Paul Reder wrote:

>
> Sorry for the lack of timeliness on responding to this. Our mailserver 
> has been
>  about to be back up any minute now for a couple of days.
>
> The test case that I ran was even more brutal than what your test 
> module does.
> Basically I have a small piece of code that puts each byte in its own 
> bucket and
> each bucket in its own brigade.
>
> Brian's patch will not handle this case because there is no next 
> bucket to point
> tag_start_index at


The next bucket in this case is the brigade sentinel, which
is the same thing that send_parsed_content() would choose as
the next bucket to scan if we escaped from find_start_sequence()
with tag_start_index==NULL.

> I was a little vague in my description of the problem. Basically,
> if the <!--# tag occurs at the end of one brigade and the directive 
> starts at the
> beginning of the next brigade we have trouble. In my tests this was 
> causing a
> core dump which my patch fixed.
>
> I'm also surprised that the include virtual was failing since it 
> passed my tests. :(
> I'll double check those results to see if I missed something.
>
> Also, Brian, I do not see where the comment you removed was invalid. 
> Slen is only
> ever set to ctx->start_seq_len (which by default is 5 I believe).
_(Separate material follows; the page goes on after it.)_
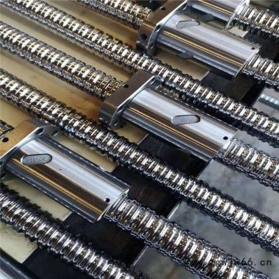 (6) 转方向间隙预压等级:P0、 P1、 P2、 P3 、P41.滚珠丝杠系列型号:SFISFI 和DFI型号的一致性很多。2.滚珠丝杠系列型号:DFI3.滚珠丝杠系列型号:SFU4.滚珠丝杠系列型号:DFU5.滚珠丝杠系列型号:SFT6.滚珠丝杠系列型号:DFT◎滚珠丝杠是将回转运动转化为直线运动,或将直线运动转化为回转运动的理想的产品。◎滚珠丝杠由螺杆、螺母和滚珠组成。它的功能是将旋转运动转化成直线运动,这是滚珠螺丝的进一步延伸和发展,这项发展的重要意义**是将轴承从滚动动作变成滑动动作。由于具有很小的摩擦阻力,滚珠丝杠被广泛应用于各种工业设备和精密仪器。◎滚珠丝杠是工具机和精密机械上**常使用的传动元件,其主要功能是将旋转运动转换成线性运动,或将扭矩转换成轴向反覆作用力,同时兼具高精度、可逆性和高效率的特点。特点(1)与滑动丝杠副相比驱动力矩为1/3 由于滚珠丝杠副的丝杠轴与丝杠螺母之间有很多滚珠在做滚动运动,所以能得到较高的运动效率。与过去的滑动丝杠副相比驱动力矩达到1/3以下,即达到同样运动结果所需的动力为使用滚动丝杠副的1/3。在省电方面很有帮助。(2)高精度的保证 滚珠丝杠副是用日本制造的世界水平的机械设备连贯生产出来的,特别是在研削、组装、检查各工序的工厂环境方面,对温度、湿度进行了严格的控制,由于完善的品质管理体制使精度得以充分保证。(3)微进给可能 滚珠丝杠副由于是利用滚珠运动,所以启动力矩极小,不会出现滑动运动那样的爬行现象,能保证实现的微进给。 (4)无侧隙、刚性高 滚珠丝杠副可以加予压,由于予压力可使轴向间隙达到负值,进而得到较高的刚性(滚珠丝杠内通过给滚珠加予压力,在实际用于机械装置等时,由于滚珠的斥力可使丝母部的刚性增强)。

Slen 
> is never changed
> to be any number other than ctx->start_seq_len.
>
> I do not claim to have studied bndm enough to be certain, but it seems 
> to me that
> if the brigade has a single bucket with a single byte which hapens to 
> match within
> the pattern then you will end up incrementing ctx->bytes_parsed by 
> pos+slen (where
> slen == 5) when only one byte was processed.


bndm will only match on an instance of the complete pattern within
the current bucket.  If slen==5 and len==1, bndm won't find a match.
All the one-byte-at-a-time scanning code in find_start_sequence()
exists solely to catch the boundary cases where the pattern spans
two or more buckets--the cases that bndm won't detect.  So when bndm
finds a match, it's guaranteed that len >= slen.

If len==1 and bndm indicates that it's found a pattern, it can
only mean that the pattern has been changed from "<!--#" to some
single-byte token.  This case *is* possible, now that we support
the SSIStartTag directive.  But the logic for incrementing
ctx->bytes_parsed by pos+slen is still correct; pos+slen==1.